• [WHAT THE EXERCISE ASKS]: Please set down, word for word, the line that contains "Candy containers saw" and every line after it to the end of the entries below, omitting the pictures.

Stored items

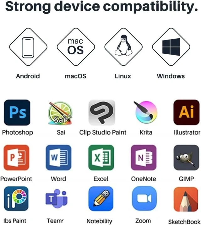 NOT: İmleç şu anda SAMSUNG Note Serisi dışındaki SAMSUNG cihazlarında görünmeyecektir. Photoshop, SAI, Illustrator, Clip Studio, FlipaClip, Medibang, Autodesk Sketchbook, Zenbrush ve daha fazlası dahil olmak üzere çoğu önemli yazılımla uyumludur.
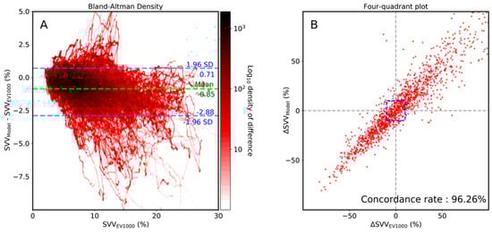 Bland-Altman density plot (A) and four-quadrant (B) plot analysis between stroke volume variance (SVV) of the proposed model and that of EV1000 (Edward, LifeScience). The central blue zone is excluded in the four-quadrant plot.
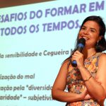 A professora e mestre em Educação Vivian Aparecida levou importantes reflexões sobre o catequista como mediador da fé. Essa mediação precisa acontecer por meio de uma experiência de fé e prática religiosa. “Para aprender viver em comunidade é preciso estar inserido nela. Acreditamos que a catequese precisa ser estruturada com a família. Eu tenho de saber a história de vida dessa criança. Como catequista, preciso estudar e saber sobre a Igreja”, finaliza.
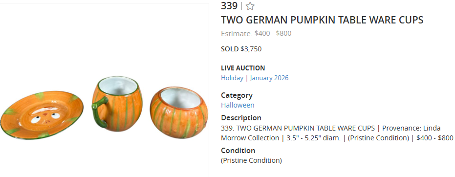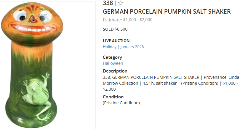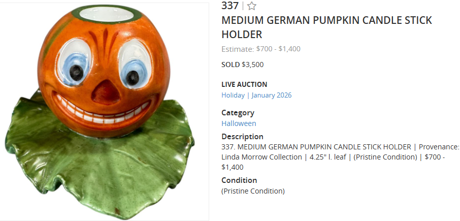 Candy containers saw strong results as did hard plastic and German porcelain. I’ve included the lots I found notable below.
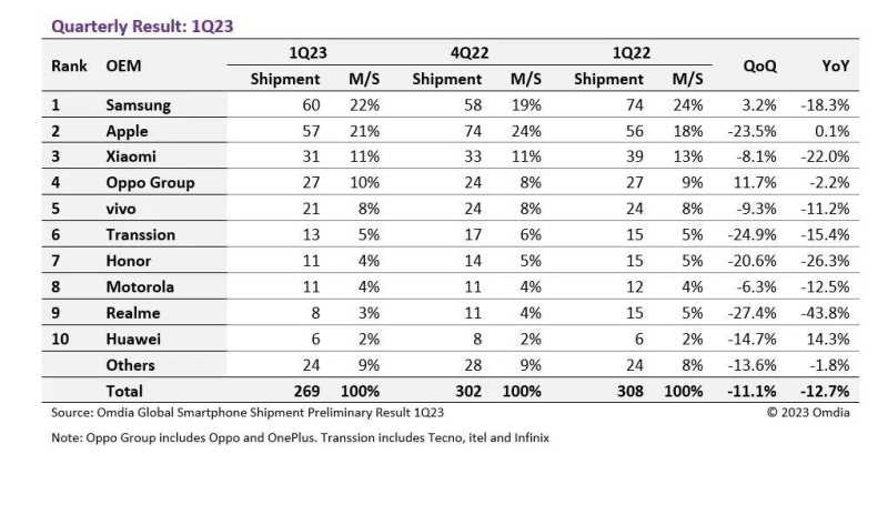 因为Omdia给出了2023年第一季度全球智能手机前十的排名,根据Omdia的数据过去的一季度全球智能手机同比下滑为12.7%,环比下滑为11.1%。下面来看下进入前十的品牌都有谁:
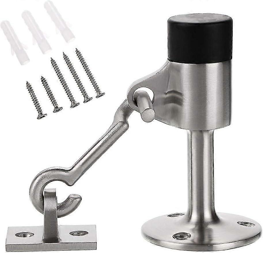 Sturdy door stopper with brushed stainless steel hook Wall mounting with rubber pad
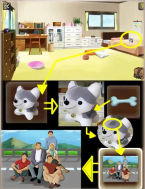 6、点击床上的狗玩偶,用骨头互动,得到照片(隐藏道具)。

• [PROBLEM SOLUTION]:
 Candy containers saw strong results as did hard plastic and German porcelain. I’ve included the lots I found notable below.
 因为Omdia给出了2023年第一季度全球智能手机前十的排名,根据Omdia的数据过去的一季度全球智能手机同比下滑为12.7%,环比下滑为11.1%。下面来看下进入前十的品牌都有谁:
 Sturdy door stopper with brushed stainless steel hook Wall mounting with rubber pad
 6、点击床上的狗玩偶,用骨头互动,得到照片(隐藏道具)。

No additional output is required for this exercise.